An exact copy is needed of the lines in the entries below from the line with "Denver artist Kathy" up to and including the line with "본인 휴대전화 번호를", and of nothing else. Leave the pictures out.

[[ WORKING DATA, beginning ]]

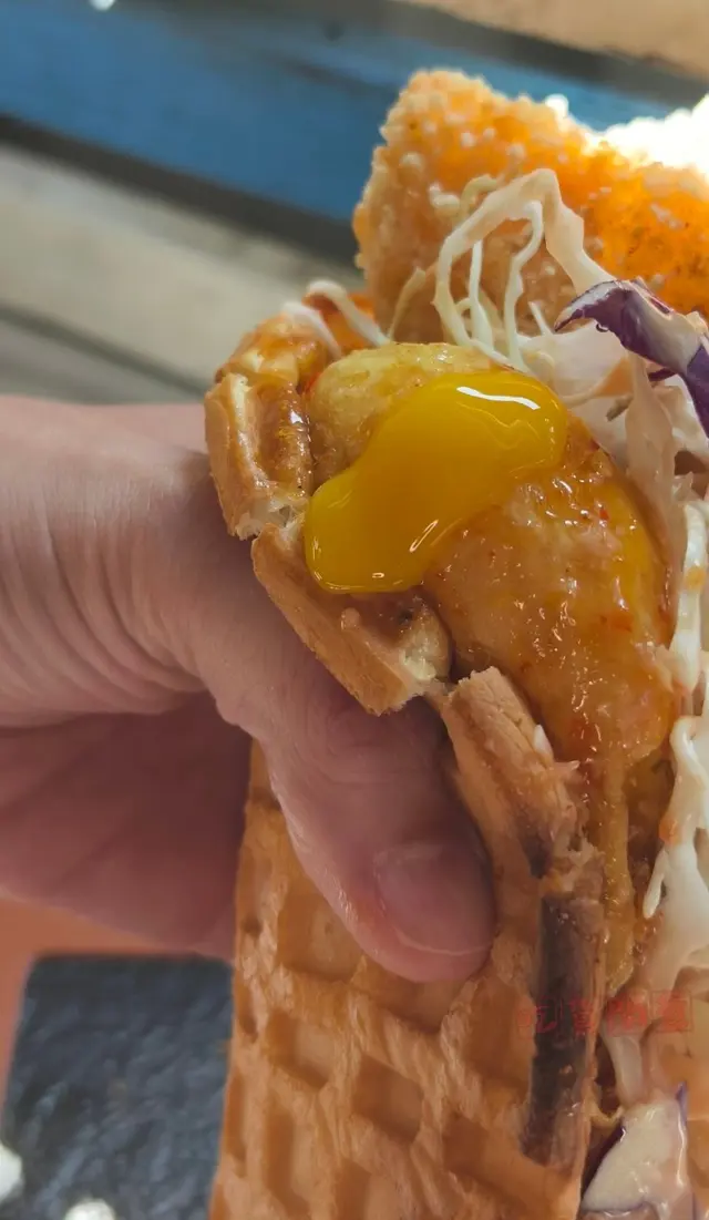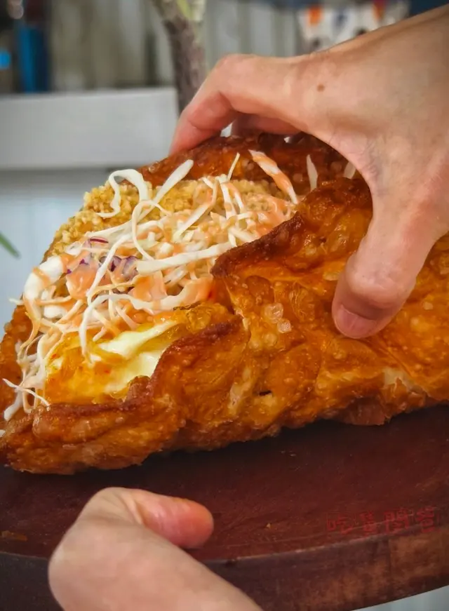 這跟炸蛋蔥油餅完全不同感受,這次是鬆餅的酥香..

[[ WORKING DATA, end ]]
[[ WORKING DATA, beginning ]]

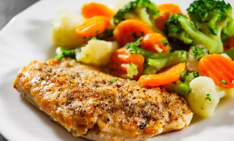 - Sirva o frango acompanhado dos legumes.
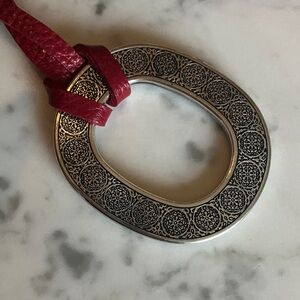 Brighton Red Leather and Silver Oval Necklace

[[ WORKING DATA, end ]]
[[ WORKING DATA, beginning ]]

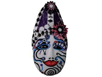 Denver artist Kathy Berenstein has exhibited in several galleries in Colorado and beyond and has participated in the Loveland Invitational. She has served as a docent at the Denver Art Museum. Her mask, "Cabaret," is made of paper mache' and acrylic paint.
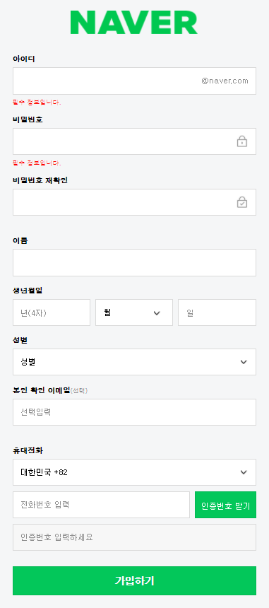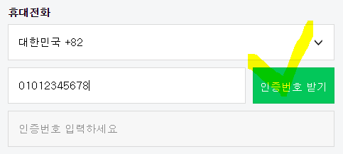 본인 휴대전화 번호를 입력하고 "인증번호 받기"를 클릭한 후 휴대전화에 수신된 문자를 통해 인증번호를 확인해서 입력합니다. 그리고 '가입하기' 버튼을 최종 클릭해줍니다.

[[ WORKING DATA, end ]]

*COMPLETED EXERCISE*
 Denver artist Kathy Berenstein has exhibited in several galleries in Colorado and beyond and has participated in the Loveland Invitational. She has served as a docent at the Denver Art Museum. Her mask, "Cabaret," is made of paper mache' and acrylic paint.
 본인 휴대전화 번호를 입력하고 "인증번호 받기"를 클릭한 후 휴대전화에 수신된 문자를 통해 인증번호를 확인해서 입력합니다. 그리고 '가입하기' 버튼을 최종 클릭해줍니다.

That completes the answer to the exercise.